Each line of the records is to be returned verbatim, with the images omitted.

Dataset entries

***

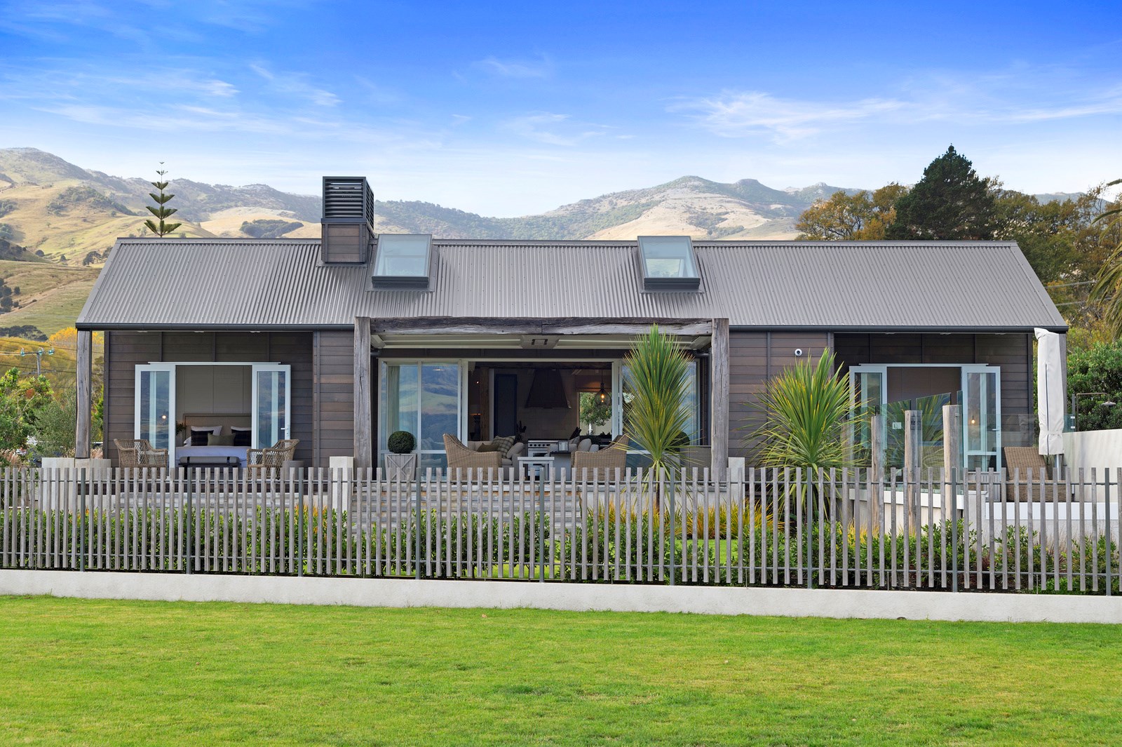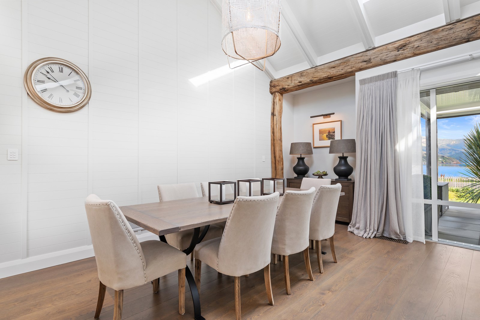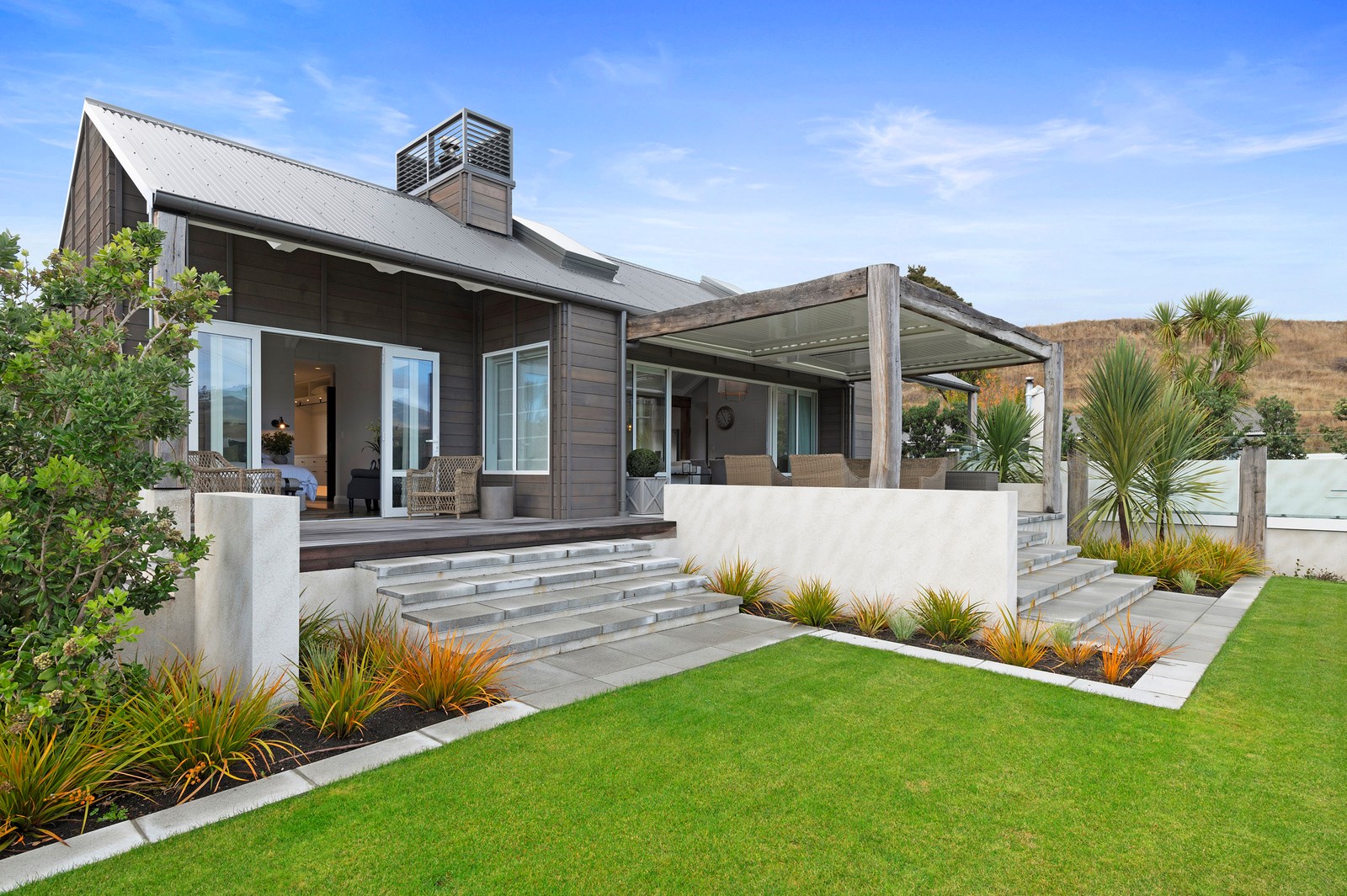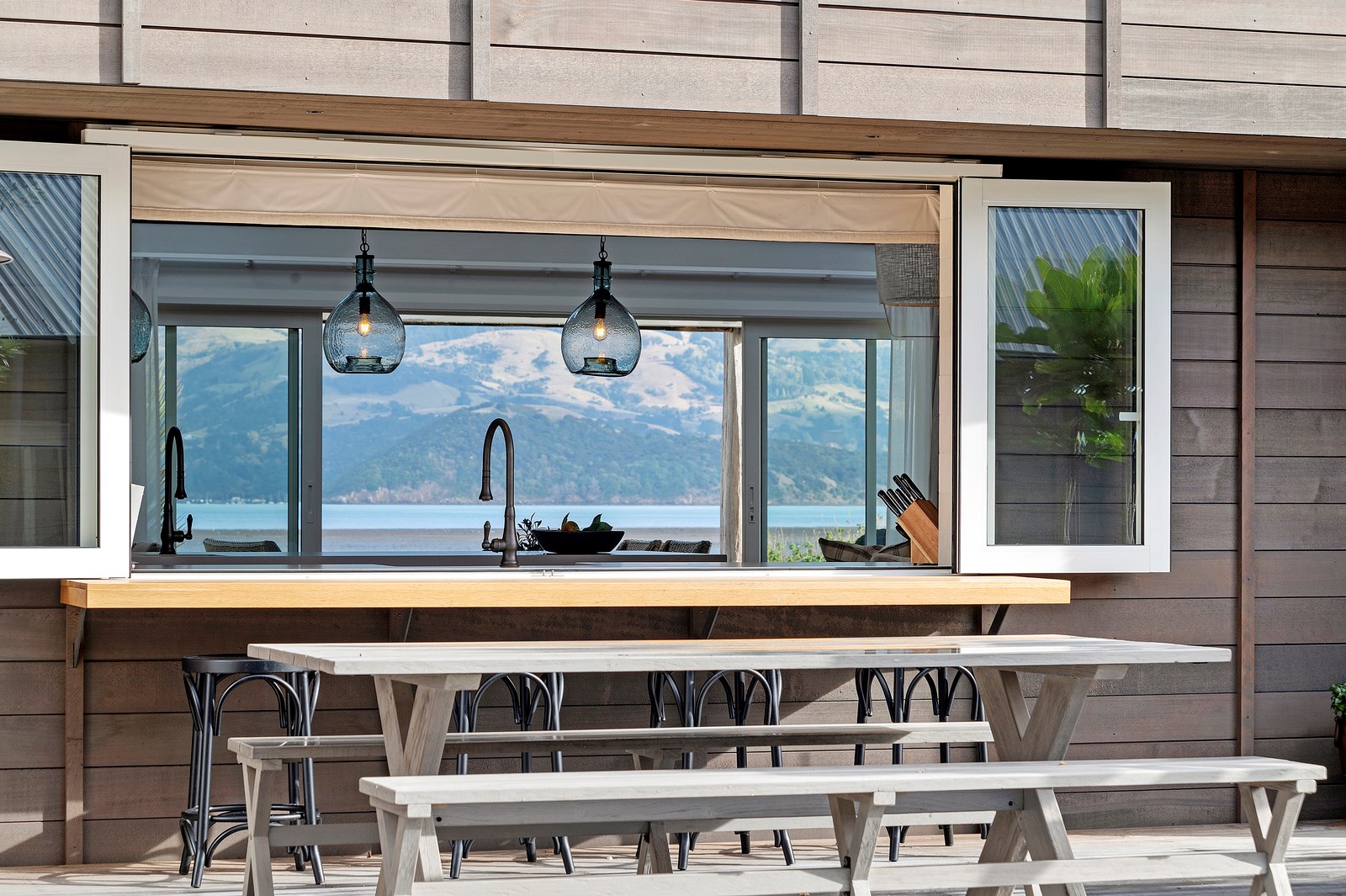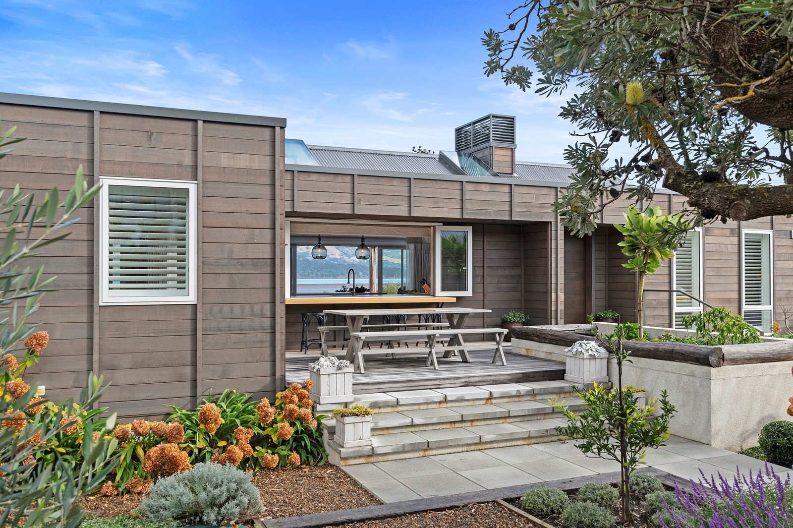 Drawing inspiration from the original coastal cribs found on Banks Peninsula, horizontal rusticated cedar weatherboard with vertical display battens have been used to clad this Takamatua Bay house. Mitred corners indicate the level of craftsmanship involved. One-of-a-kind, rustic 300-year-old oak beams, sourced from France, are a unique focal point of the home. More than just decoration, the beams are a large part of the structural integrity, with all roof structures supported by them. Soffits are cedar or grooved ply with exposed-steel rafters sandwiched in timber to match those of the interior.
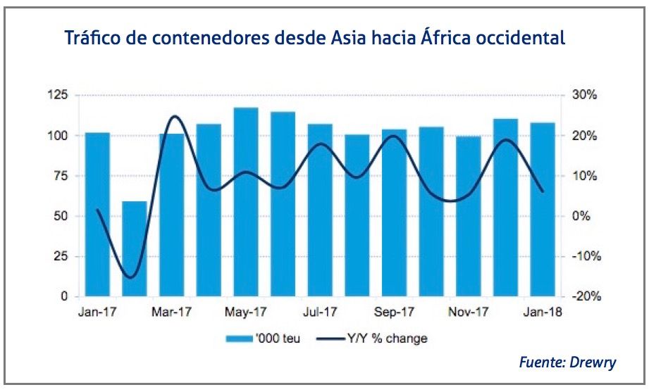 El tráfico de contenedores entre Asia y África occidental ha anotado un crecimiento del 9,6% en 2017, llegando a los 1,2 millones de TEUs. Sin embargo, esto no ha supuesto un incremento de las tasas debido a la sobrecapacidad actual en la ruta, según recoge el último informe de la consultora Drewry.
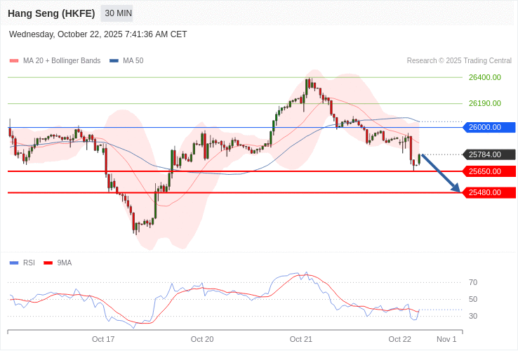 Klíčová slova: Intradenní výhled | Pozice | Rezistence | Short | Trading | Obchodovat | Index | Hang Seng | Index Hang Seng | Pivot | Trading Central | Supporty a rezistence | Výhled | Krátké (short) pozice | Růst | Průraz | Supporty |
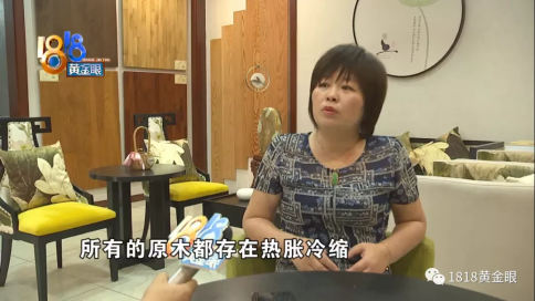 杭州璟望府全屋訂制家居店 蘇老板:“你說廠家有沒有做好,的確是有兩個(gè)沒有做好,裂縫是有的,我看見了,木頭是天然的物品,是一個(gè)活的物品,一切的原木都存在熱脹冷縮,造成的開裂的狀況,一切廠家一切木頭都存在這個(gè)狀況,腐臭呢那時(shí)咱們?nèi)タ吹臅r(shí)候,他沒有把背后撬開,咱們看見的是一個(gè)彩色的節(jié)疤,爛還是不爛這個(gè)能夠去探測的,木頭原本的節(jié)疤,一切的木頭全是有節(jié)疤的。”
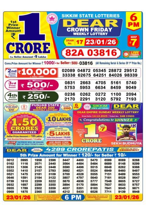 Dear Lottery Sambad 6 PM Result 23 01 26 – Sikkim State
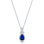 18ct White Gold Pear Shape Blue Sapphire & Round Brilliant Cut Diamond Halo Pendant V20570SDP-W
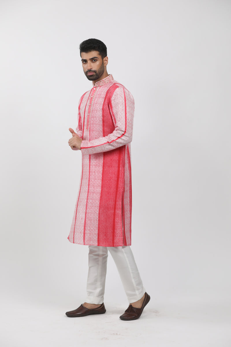 Red Block Printed Kurta Set
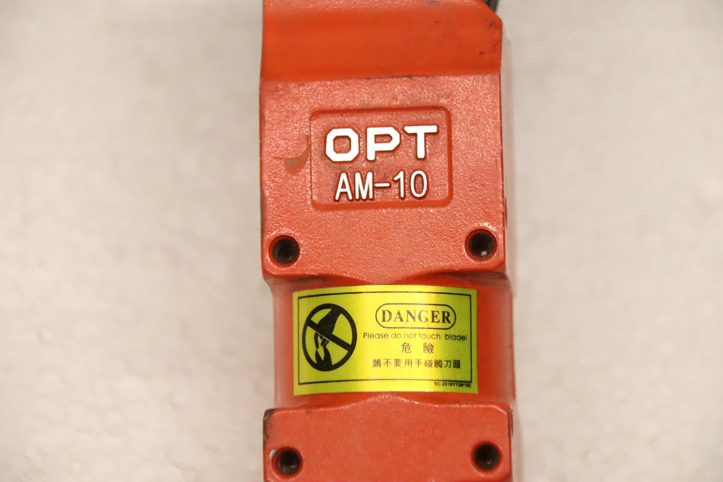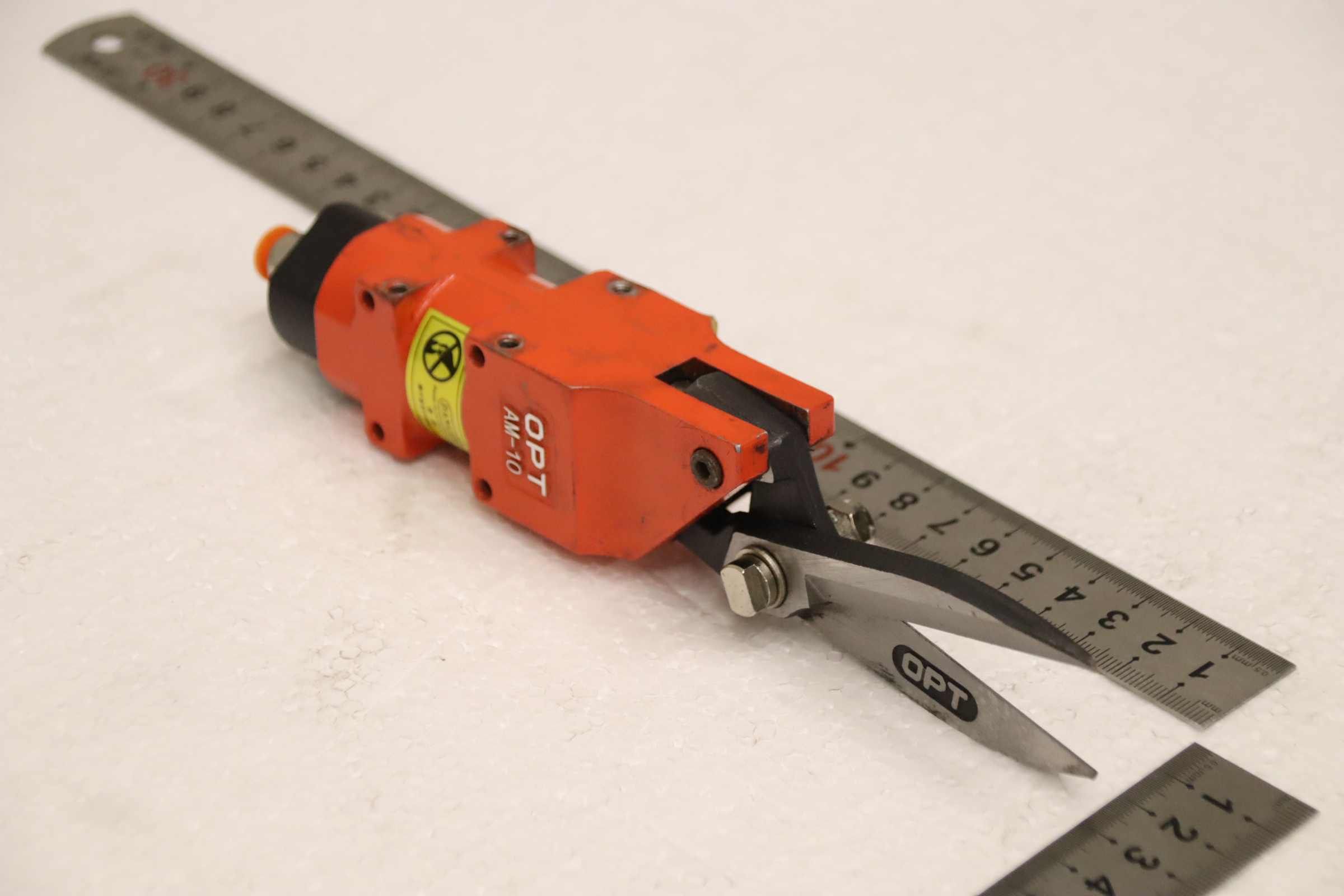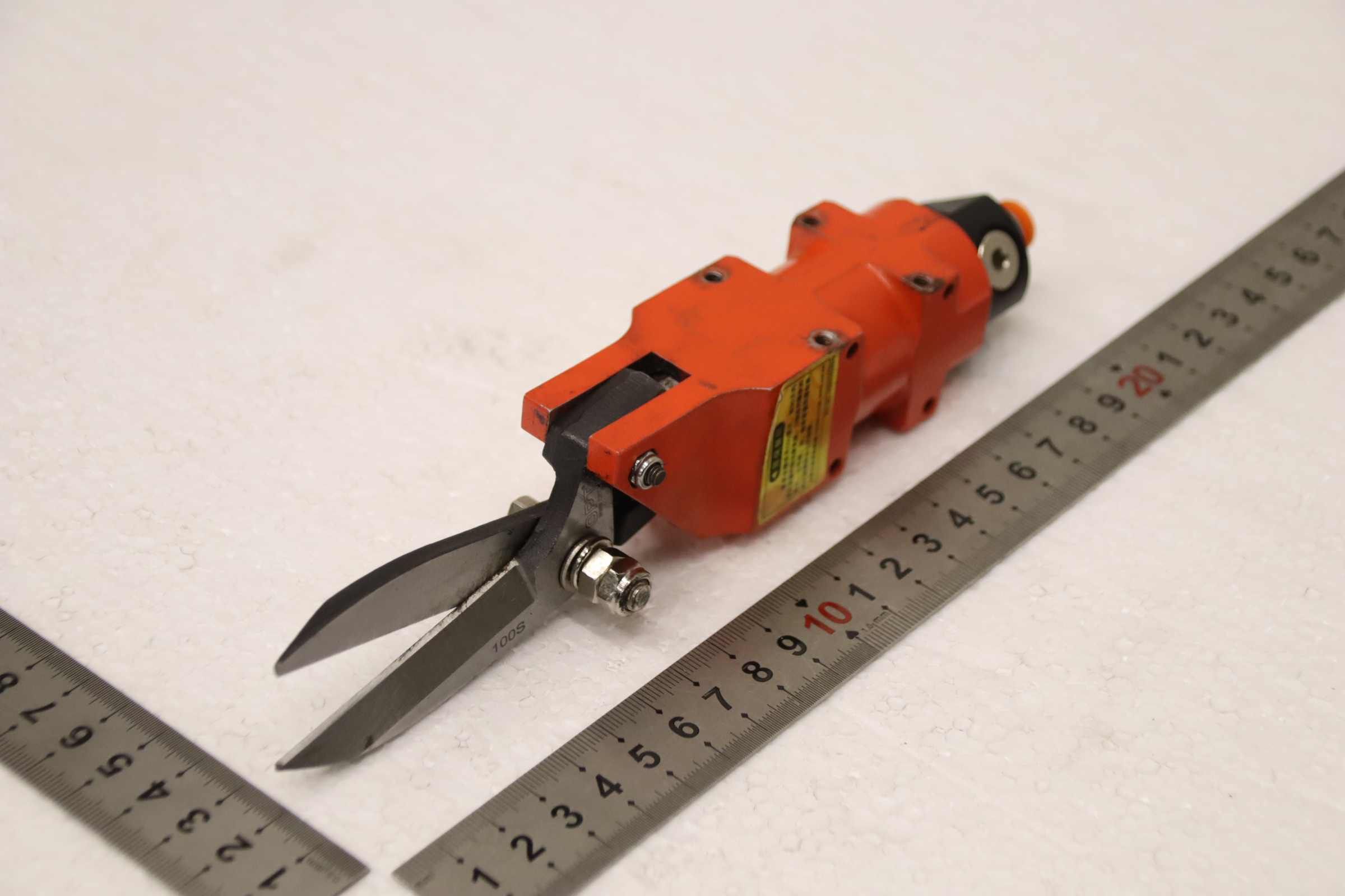 Scissors, pneumatic scissors, air cutters, wire cutting scissors -Manufacturer: OPT, Air cutter, Pneumatic wire cutting shears from face mask machine -Type: AM-10 -Cutting blades: 100S / Cutting length approx. 46 mm, see photo -Quantity: 2 pairs of scissors available -Price: per piece -Overall dimensions: 210/35/H45 mm -Weight: 0.3 kg/pc.
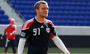 Hot spent his first summer off from college training with the Red Bulls' first team where he impressed coach Hans Backe. During the January 2011 transfer window, he spent some time with Borussia Mönchengladbach and Borussia Dortmund in hopes of signing his first professional contract. He was invited back for preseason by Borussia Mönchengladbach but instead accepted a professional contract from the New York Red Bulls.[4][5] Hot was signed by New York Red Bulls as a Homegrown Player on January 28, 2011.[6] On June 28, 2011 Hot made his first team debut for New York playing in a preseason friendly vs Atlante in 2011. He made his professional debut playing the entire second half in a 2–1 victory over FC New York in the US Open Cup.[7]
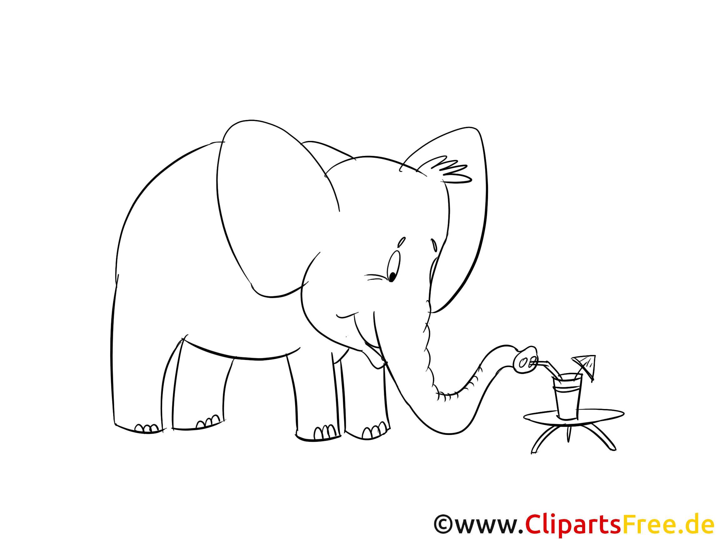In dieser fröhlichen Malvorlage sieht man einen süßen Elefanten, der offensichtlich einen schönen Tag hat. Er steht entspannt und lächelt, während er mit seinem Rüssel nach einem kleinen Getränk greift. Das Glas on der kantigen Tisch lässt Raum für kreative Ausmalideen. Der Elefant hat große, runde Ohren und ein freundliches Gesicht, was ihn echt sympathisch macht. Wenn man sich das Bild ansieht, spürt man sofort, dass es Lust auf Spaß und gute Laune macht.

***

(Task output):
 Drawing inspiration from the original coastal cribs found on Banks Peninsula, horizontal rusticated cedar weatherboard with vertical display battens have been used to clad this Takamatua Bay house. Mitred corners indicate the level of craftsmanship involved. One-of-a-kind, rustic 300-year-old oak beams, sourced from France, are a unique focal point of the home. More than just decoration, the beams are a large part of the structural integrity, with all roof structures supported by them. Soffits are cedar or grooved ply with exposed-steel rafters sandwiched in timber to match those of the interior.
 El tráfico de contenedores entre Asia y África occidental ha anotado un crecimiento del 9,6% en 2017, llegando a los 1,2 millones de TEUs. Sin embargo, esto no ha supuesto un incremento de las tasas debido a la sobrecapacidad actual en la ruta, según recoge el último informe de la consultora Drewry.
 Klíčová slova: Intradenní výhled | Pozice | Rezistence | Short | Trading | Obchodovat | Index | Hang Seng | Index Hang Seng | Pivot | Trading Central | Supporty a rezistence | Výhled | Krátké (short) pozice | Růst | Průraz | Supporty |
 杭州璟望府全屋訂制家居店 蘇老板:“你說廠家有沒有做好,的確是有兩個(gè)沒有做好,裂縫是有的,我看見了,木頭是天然的物品,是一個(gè)活的物品,一切的原木都存在熱脹冷縮,造成的開裂的狀況,一切廠家一切木頭都存在這個(gè)狀況,腐臭呢那時(shí)咱們?nèi)タ吹臅r(shí)候,他沒有把背后撬開,咱們看見的是一個(gè)彩色的節(jié)疤,爛還是不爛這個(gè)能夠去探測的,木頭原本的節(jié)疤,一切的木頭全是有節(jié)疤的。”
 Dear Lottery Sambad 6 PM Result 23 01 26 – Sikkim State
 18ct White Gold Pear Shape Blue Sapphire & Round Brilliant Cut Diamond Halo Pendant V20570SDP-W
 Red Block Printed Kurta Set
 Scissors, pneumatic scissors, air cutters, wire cutting scissors -Manufacturer: OPT, Air cutter, Pneumatic wire cutting shears from face mask machine -Type: AM-10 -Cutting blades: 100S / Cutting length approx. 46 mm, see photo -Quantity: 2 pairs of scissors available -Price: per piece -Overall dimensions: 210/35/H45 mm -Weight: 0.3 kg/pc.
 Hot spent his first summer off from college training with the Red Bulls' first team where he impressed coach Hans Backe. During the January 2011 transfer window, he spent some time with Borussia Mönchengladbach and Borussia Dortmund in hopes of signing his first professional contract. He was invited back for preseason by Borussia Mönchengladbach but instead accepted a professional contract from the New York Red Bulls.[4][5] Hot was signed by New York Red Bulls as a Homegrown Player on January 28, 2011.[6] On June 28, 2011 Hot made his first team debut for New York playing in a preseason friendly vs Atlante in 2011. He made his professional debut playing the entire second half in a 2–1 victory over FC New York in the US Open Cup.[7]
In dieser fröhlichen Malvorlage sieht man einen süßen Elefanten, der offensichtlich einen schönen Tag hat. Er steht entspannt und lächelt, während er mit seinem Rüssel nach einem kleinen Getränk greift. Das Glas on der kantigen Tisch lässt Raum für kreative Ausmalideen. Der Elefant hat große, runde Ohren und ein freundliches Gesicht, was ihn echt sympathisch macht. Wenn man sich das Bild ansieht, spürt man sofort, dass es Lust auf Spaß und gute Laune macht.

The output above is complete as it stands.